Political campaigners know that catchy slogans are at least as much about sound than they are about sense — maybe more. A few famous ones are:

A Chicken in Every Pot. A car in every garage. — 1928 Republican presidential campaign slogan of Herbert Hoover.
All the way with LBJ —1964 U.S. presidential campaign slogan of Lyndon Johnson.
Drill, baby, Drill!
– 2008 US presidential campaign slogan of John McCain, used by his Vice Presidential candidate Sarah Palin. This phrase was often chanted as a call for America to consume domestic oil reserves.
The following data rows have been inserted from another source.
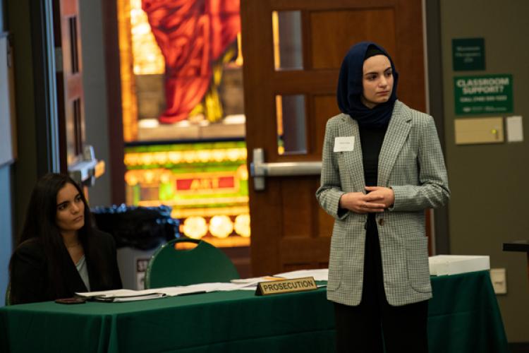 Two members of OHIO’s Mock Trial Team, sophomores Taylor Schneider and Riley Sargent, not only shared their expertise with the high school students but also were able to gain leadership experience as program assistants, aiding students in case construction and courtroom maneuvers.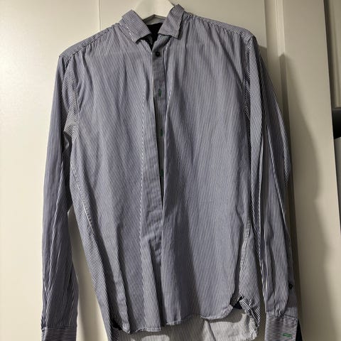 Selected miesten kauluspaita koossa S. Pitkähihainen malli, jossa nappikiinnitys edessä ja kaulus. Paita on ruskea ja siinä on vaaleat pystysuuntaiset raidat. Sopii arki- ja siistimpään pukeutumiseen.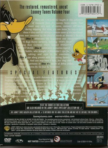 More Looney Tunes. Your wish is our command. Because in this 4-disc set are 60 more of the most looneytic Looney Tunes ever unleashed on rabbits, pigs, mice or cats. Indeed, some have never before been on home video! Disc 1 features the tall, gray and haresome one. Disc 2 is all pig. Disc 3 is all about Speedy. And Disc 4 is the cats meow. One thing: to watch these, you must be as tall as this sign. Wrong disclaimer. Read the one in the box below. Got the idea? Now have fun
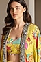 Featuring a lime cape in crepe base with embroidery and print. It is paired with a bustier and a skirt. Accentuate it with zircon jewellery, a clutch and heels for a cocktail soiree, sangeet or engagement ceremony.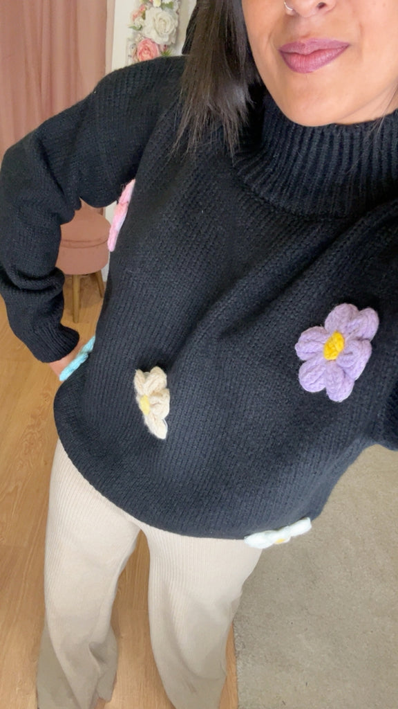 Camisola malha com flores 3D Preta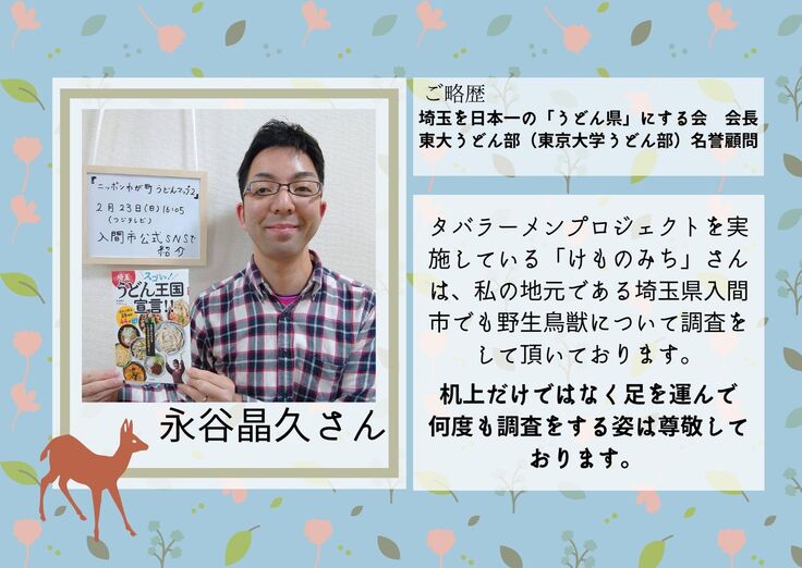 タバラーメンプロジェクトを実施している「けものみち」さんは、私の地元である埼玉県入間市でも野生鳥獣について調査をして頂いております。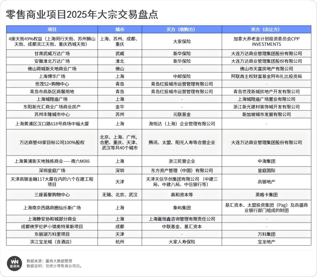 与之相对,卖方阵营则以民营企业为主导,大连万达商管单家就出让3笔资产,叠加加拿大养老金、阿布扎比投资局等外资机构的退出,形成 “险资接盘、民企+外资出让” 的鲜明交易逻辑。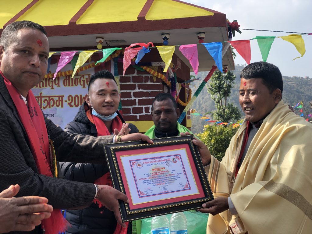 नमोबुद्ध नगरपालिका अन्तर्गत १० नं वडाको सिलिङ बजेटबाट तीन लाख पचार हजार र अन्य संघ संस्था तथा व्यक्तिहरुबाट आर्थिक संकलन गरि उक्त मन्दिरको निर्माण सम्पन्न भएको हो ।
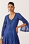 Featuring a blue anarkali in silk chanderi base with dori embroidery and screen print, including slit sleeves. It is paired with chanderi palazzo pants and a sheer organza dupatta. Accentuate it with statement jewellery and heels for a festive look.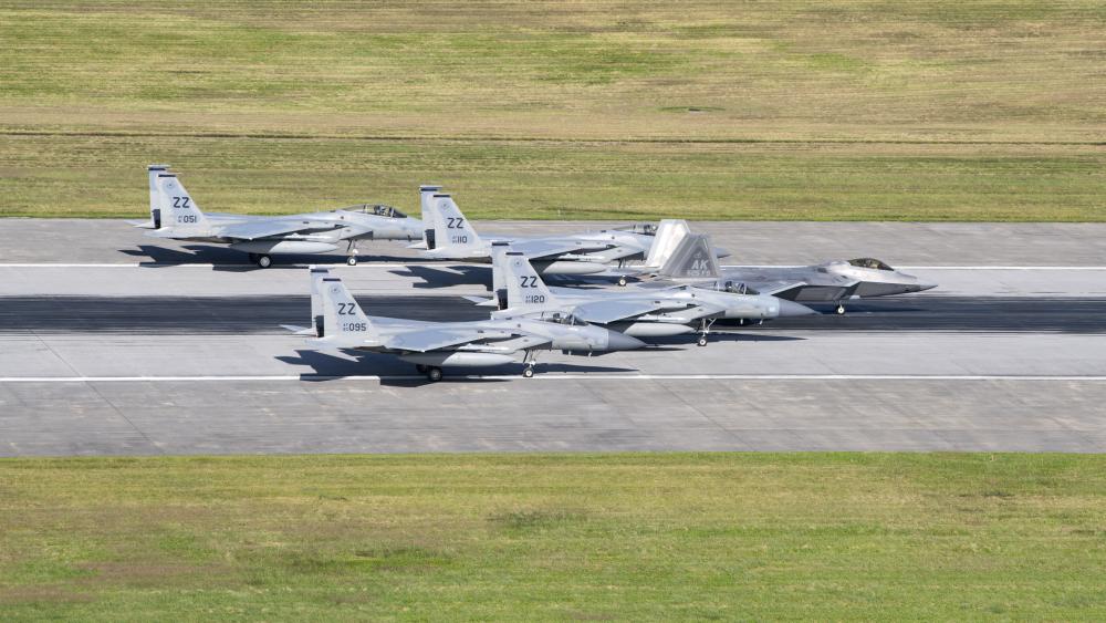 U.S. Air Force aircraft line up on the runway during a capabilities demonstration at Kadena Air Base, Japan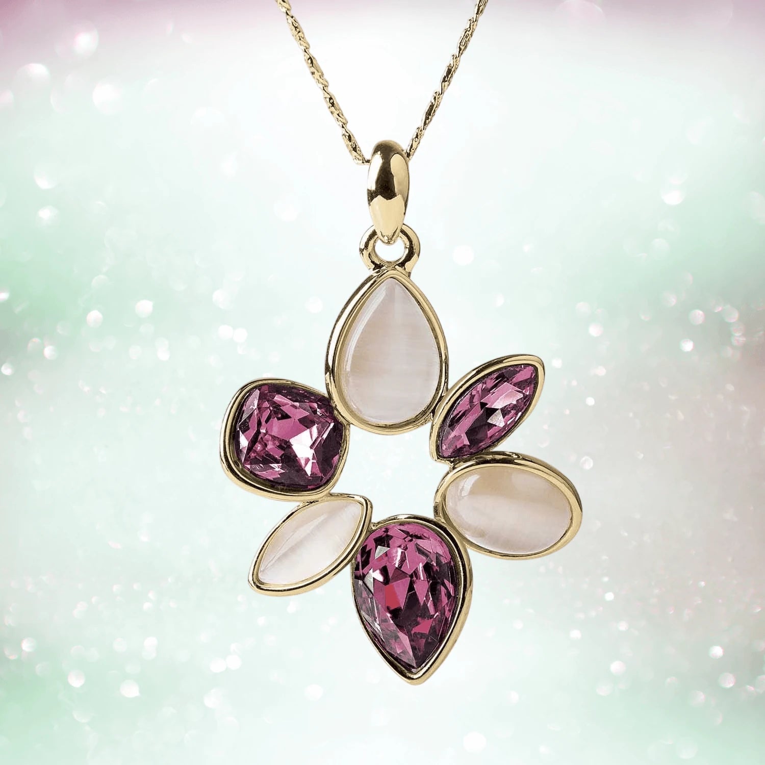 You will be sure to be completely captivated by this stunning masterpiece. The mixture of pear-shape, princess cuts, marquise and oval cuts add a vibrant intrigue. Available in luxurious rose or yellow gold plated finishes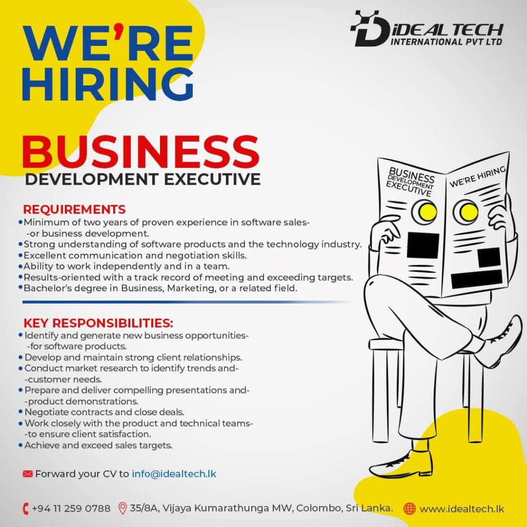 Sales and Marketing Business Development Executive 10 months ago Company:- Idealtech international Pvt ltd Send your CV :- info@idealtech.lk Colombo Job Vacancy Post navigation Previous: Computer OperatorNext: Financial Consultant Related Vacancies Internship IT Jobs Sales and Marketing Internship – Frontend Developer/ Marketing / Management 3 days ago Sales and Marketing Sales Executive 3 days ago Sales and Marketing Marketing & Branding Executive 4 days ago

The phrase was originally coined by Michael Steele at the 2008 Republican National Convention.
I like Ike
– 1952 U.S presidential campaign slogan of Dwight D. Eisenhower.
Yes We Can
– Barack Obama, 2008.
Read my lips: no new taxes – George H. W. Bush during the 1988 U.S. presidential election.

George Orwell published his novel 1984 in 1948. The Party, the ruling entity in the world the novel creates, knows that language controls thought, so when they want to make an idea disappear, they simply make the words disappear. And they have a marvelous slogan to justify a never-ending, fabricated war with a different geopolitical entity: “War is Peace.” Aha! A Slogan with a paradox. What could be better? I won’t go into Orwell’s point here at length. He’s making more than one. The main idea, though, is that The Party knows it’s possible to hold two contradictory beliefs at the same time – and believe both. People are that easily manipulated. Put that in a slogan with three one-syllable words, and you’ve got mind control magic.

Advertising is, of course, no stranger to the power of language. One of my favorite little numbers was in an ad campaign by the U.S. Army. “Be All You Can Be.” Nice! It’s got the same existential word front and back, all one-syllable words, “you” right in the middle (ego), and the comprehensiveness of “all.” Who wouldn’t want to be all they can be? It has a nice appeal to low self-esteem, too. I haven’t heard of any medical schools using this slogan.

I’ve spent a lot of time on the what of this issue, but none on the why.  Why do rhyme, cadence, repetition, and other elements of language that one might think were just the clothes ideas are dressed in have such an impact? Is it because the nursery rhymes most small children hear cause certain neural pathways to be created in the brain or cause the release of endorphins, the residual memory of which we somehow retain as adults? Hell, I don’t have a clue. I never got to be all I can be and with luck never will. Sorry, I didn’t mean to cheat you out of an answer. But I promise to spend more time researching this someday.

I just want to say that whenever you hear a phrase that you think makes great sense, ask yourself if it’s because of what it really says or because it “sounds” good.

While not about how sound affects beliefs, read Orwell’s 1984 anyway. If you have already read it, read it again.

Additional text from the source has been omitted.